Summary: These white papers are a series of social interaction design guides, design frameworks and approaches, and studies (with some some screenshots) on the design of content in social software and social media sites. Papers tackle a variety of issues familiar to the development, information architecture, navigation, UI, user experience, interaction design of social media, online communities, web 2.0 applications, badges, widgets, and so forth. The papers describe what appears on the screen, how it structures content and provides for social navigation and member presence, how users and communities take shape and how their contributions become social practices of a new kind. The white papers apply to social software design, software research, and the design of social media, user generated content sites, and web 2.0 in general.

Attributes of Online Social Systems (Draft)

Download Attributes of Online Social Systems Draft 2005, 130k pdf. A big picture look at some of the ways in which social practices emerge on social software systems.

Excerpt: From the introduction

Common Attributes of Social Systems

Social software systems vary by their thematic type. Themes, in turn, inform the system's predominant activity. LinkedIn is a popular career networking system and so serves those either looking for work or looking to hire. We would say that it's theme is jobs (careers, employment), and its activity is networking. Tribe is a cultural community organized around shared interests. Members can browse one another, partake in discussions, post classifieds, events, and so on. We would say that its theme is community (tribes, cultures, subcultures) and its activity is social networking. Friendster is a relations-based dating system. It's theme is dating (interpersonal relations from short to long-term, from friendships to partnerships) and its activity is flirting.
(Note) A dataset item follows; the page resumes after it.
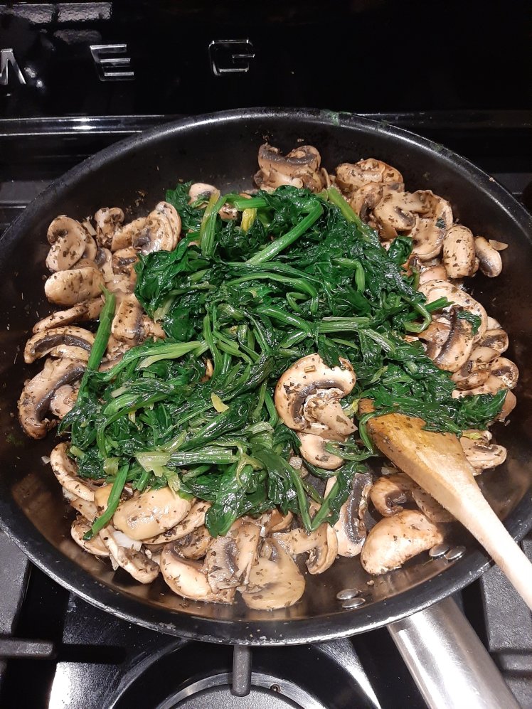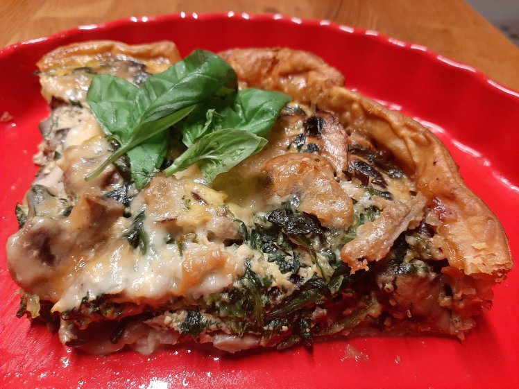 20 years ago quiches became really popular. Different varieties of pies in combination with a large salad for a large group of eaters were easy to prepare in advance and are still an excellent way to please everyone.The only disadvantage remains that you can easily eat a lot of kcal without feeling overloaded, but I admit that quiches are awesome comfort food.The 10th anniversary edition of Libelle lekker’magazine offers 70 cosy recipes. One of them inspired me for this quiche. Prebaking a quiche is incredibly important to obtain also a well baked bottom. Put the puff pastry in cake form. Make some holes in the dough by using a fork. Cover with baking paper. Fill with dried beans or dried peas or baking pearls. Bake during 10 minutes at 180°. Stop the oven. Remove the beans/peas/pearls and put back in the oven to continue ‘after baking’. Clean and wash 500 grams of fresh spinach. Drain. Heat a pan. Spread a little drizzle of olive oil and bake the spinach until al dente. Drain.Chop and fry 4 garlic cloves. Add 500 grams of sliced mushrooms and 2 teaspoons of dried basil. Bake. Add to the spinach. Taste, add pepper, salt and some nutmeg.

Many more kinds of social software systems exist, facilitating activities from education and distance learning to P2P networks and file-sharing.

The social interaction designer's first step is to identify a social software system's overall theme. Any given theme will define a social networking site only insofar as participants adhere to thematic guidelines. Thus we are best advised to consider themes as a continuum, rather than as a strict set of social rules or definitions. For example, a career networking site may be more impersonal and professional in tone than a dating site, and more serious than an online community—its structure, features, layout, and tools favoring professional networking—but personal interactions (flirting included) can still happen and often do.

Each of the following thematic attributes describes a continuum: from personal to impersonal, from fast to slow, and so on. Our interest in laying out this rough anatomy of thematic organization is in making distinctions among some of the high-level system characteristics that shape social practices. In other words, we are not describing individual user practices, but rather the social framework that often guides user practices.